MongoDB中的数据类型转换 [英] Data type conversion in MongoDB

问题描述

我在MongoDB中有一个名为Document的集合.此集合中的文档具有一个存储在ISO日期类型中的称为CreationDate的字段.我的任务是计算每天创建的文档数量，然后异步按数量排序.输出格式必须为 [{_id:'yyyy-MM-dd'，cnt:x}].我尝试使用以下聚合框架.

I have a collection called Document in MongoDB. Documents in this collection have a field called CreationDate stored in ISO date type. My task is to count the number of documents created per day and sort by the number asynchronously. The output format is required to be [{_id:'yyyy-MM-dd', cnt:x}]. I tried to use aggregation framework as below.

db.Document.aggregate( 
    , {$project: {_id:1, Year:{$year:'$CreationDate'}, Month:{$month:'$CreationDate'}, Date:{$dayOfMonth:'$CreationDate'}}}
    , {$group: {_id:{$concat:['$Year', '-', '$Month', '-', '$Date']}, cnt:{$sum:1}}}
    , {$sort:{'cnt':-1}}
);

代码给我以下错误:

$concat only supports strings, not NumberInt32

我理解这是因为$ year，$ month和$ dayOfMonth都返回数字.可以将_id字段组合为一个对象，然后在应用程序级别将其重新格式化为所需的格式.

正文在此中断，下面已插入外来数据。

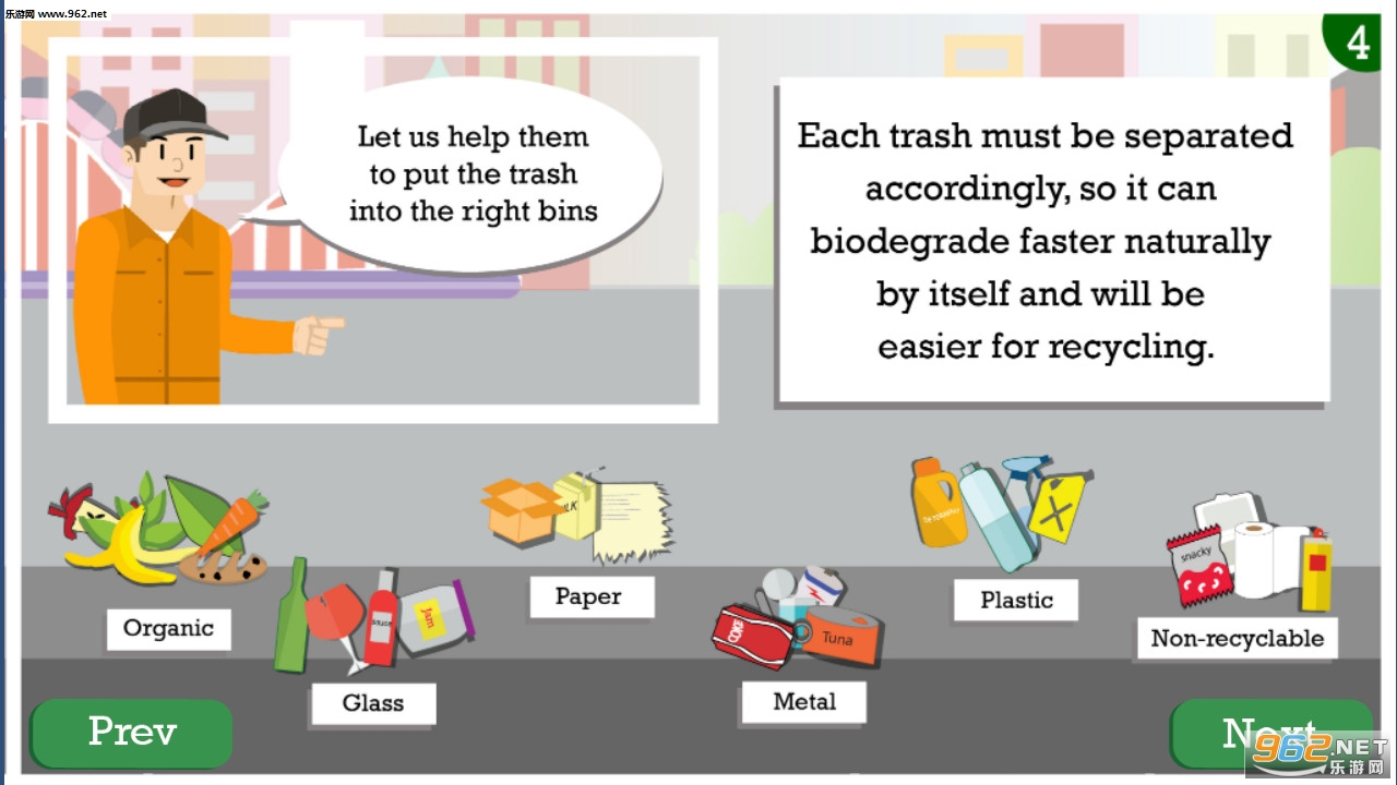 《清洁先生》(Mr GarbageMan)是一款卡通风格的休闲模拟游戏,游戏中玩家需要扮演清洁先生对扔过来的垃圾进行分类,将垃圾放入指定的垃圾箱中,虽然和上海的分类有所不同,但是也是一种垃圾分类的方式,赶快下载体验吧!

I understand this is because $year, $month and $dayOfMonth all return number. It's possible to compose the _id field as an object and re-format it in the desired format in application level.

但是从技术角度来看，我有两个问题:

But from technical perspective, I have two questions:

1. 如何在MongoDB Shell中将数字转换为字符串?在这种情况下，可以将$ year的输出转换为字符串并在$ concat中使用.

1. How to convert a number to string in MongoDB shell? In this case, output of $year can then be converted to string and used in $concat.

是否有更好的方法将ISODate输出格式化为各种日期格式?在许多情况下，我们只需要ISODate的某些部分，例如:日期部分或时间部分.是否有任何MongoDb内置运营商来实现这一目标?

Is there a better way to format ISODate output to various date formats? In many cases, we only need certain part of an ISODate, for example: the date component or the time portion. Is there any MongoDb inbuilt operators to achieve this?

在此先感谢您的任何建议.

Thanks in advance for any advice.

推荐答案

您可以使用 $concat ，但首先您需要通过 $substr ，也可以处理两位数的情况:

You can do this with $concat but first you need to convert to a string via $substr, also handling the double digit case:

db.Document.aggregate([ 
    { "$group": { 
        "_id":{ 
            "$concat": [
                 { "$substr": [ { "$year": "$CreationDate" }, 0, 4 ] },
                 "-",
                 { "$cond": [
                     { "$gt": [ { "$month": "$CreationDate" }, 9 ] },
                     { "$substr": [ { "$month": "$CreationDate" }, 0, 2 ] },
                     { "$concat": [
                         "0",
                         { "$substr": [ { "$month": "$CreationDate" }, 0, 1 ] },
                     ]},
                 ]},
                 "-",
                 { "$cond": [
                     { "$gt": [ { "$dayOfMonth": "$CreationDate" }, 9 ] },
                     { "$substr": [ { "$dayOfMonth": "$CreationDate" }, 0, 2 ] },
                     { "$concat": [
                         "0",
                         { "$substr": [ { "$dayOfMonth": "$CreationDate" }, 0, 1 ] },
                     ]}
                 ]}
             ]
         },
         { "cnt": { "$sum": 1 } }
    }}
    { "$sort":{ "cnt" :-1 }}
]);

可能更好的方法是只使用日期数学，这将返回一个纪元时间戳值，但是在后期处理中很容易将其处理为日期对象:

Possibly better is to just use date math instead, this returns an epoch timestamp value, but it is easy to work into a date object in post processing:

db.Document.aggregate([
    { "$group": {
        "_id": {
            "$subtract": [
                { "$subtract": [ "$CreationDate", new Date("1970-01-01") ] },
                { "$mod": [
                    { "$subtract": [ "$CreationDate", new Date("1970-01-01") ] },
                    1000 * 60 * 60 * 24
                ]}
            ]
        },
        "cnt": { "$sum": 1 }
    }},
    { "$sort": { "cnt": -1 } }
])

这篇关于MongoDB中的数据类型转换的文章就介绍到这了，希望我们推荐的答案对大家有所帮助，也希望大家多多支持IT屋！